YOUR OBJECTIVE — Would you transcribe the entries below, beginning at the line with "Pendientes hechos a" and ending after the line with "江恩看盤綜述:依據(jù)贏", exactly, with no picture and nothing more?

ENTRIES SUPPLIED —
* * *
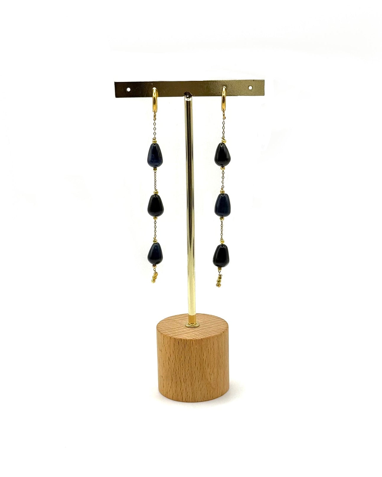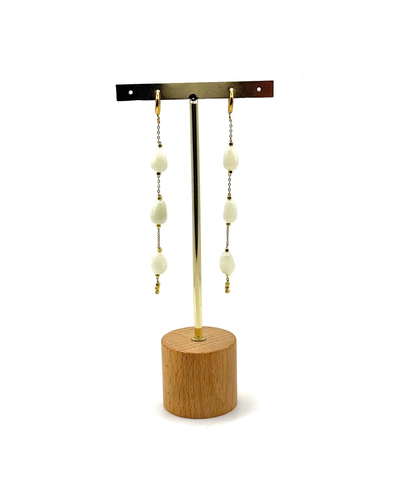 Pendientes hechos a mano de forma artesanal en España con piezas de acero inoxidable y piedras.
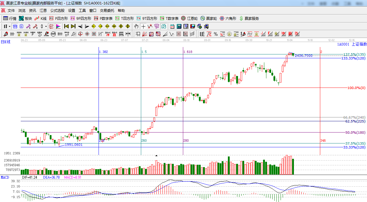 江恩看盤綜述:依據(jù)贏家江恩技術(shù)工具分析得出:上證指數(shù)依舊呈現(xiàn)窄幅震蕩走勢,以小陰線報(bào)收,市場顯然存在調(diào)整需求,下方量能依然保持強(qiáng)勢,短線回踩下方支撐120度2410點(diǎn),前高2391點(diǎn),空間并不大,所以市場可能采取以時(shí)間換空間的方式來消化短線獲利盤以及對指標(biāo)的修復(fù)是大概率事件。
* * *
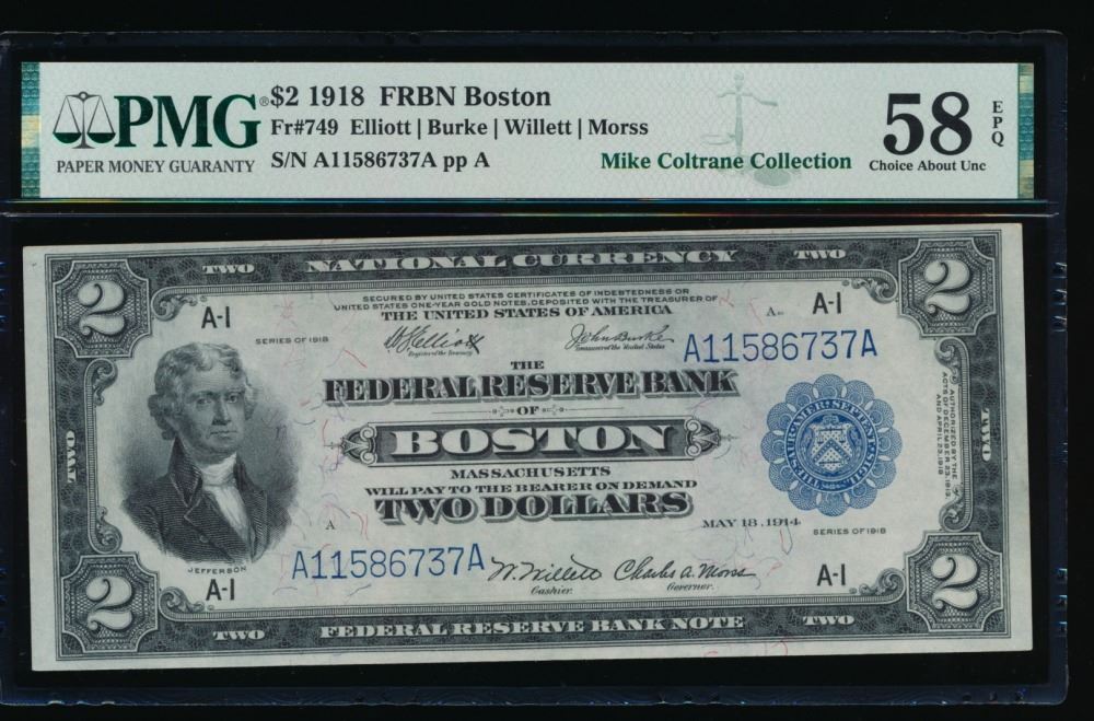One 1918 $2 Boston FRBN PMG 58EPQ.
* * *
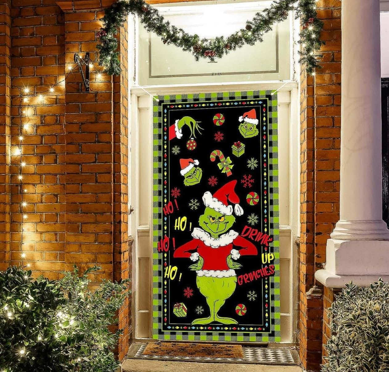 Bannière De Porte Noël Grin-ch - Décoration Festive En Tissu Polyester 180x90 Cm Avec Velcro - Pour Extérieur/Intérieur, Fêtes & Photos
* * *
RESULT —
 Pendientes hechos a mano de forma artesanal en España con piezas de acero inoxidable y piedras.
 江恩看盤綜述:依據(jù)贏家江恩技術(shù)工具分析得出:上證指數(shù)依舊呈現(xiàn)窄幅震蕩走勢,以小陰線報(bào)收,市場顯然存在調(diào)整需求,下方量能依然保持強(qiáng)勢,短線回踩下方支撐120度2410點(diǎn),前高2391點(diǎn),空間并不大,所以市場可能采取以時(shí)間換空間的方式來消化短線獲利盤以及對指標(biāo)的修復(fù)是大概率事件。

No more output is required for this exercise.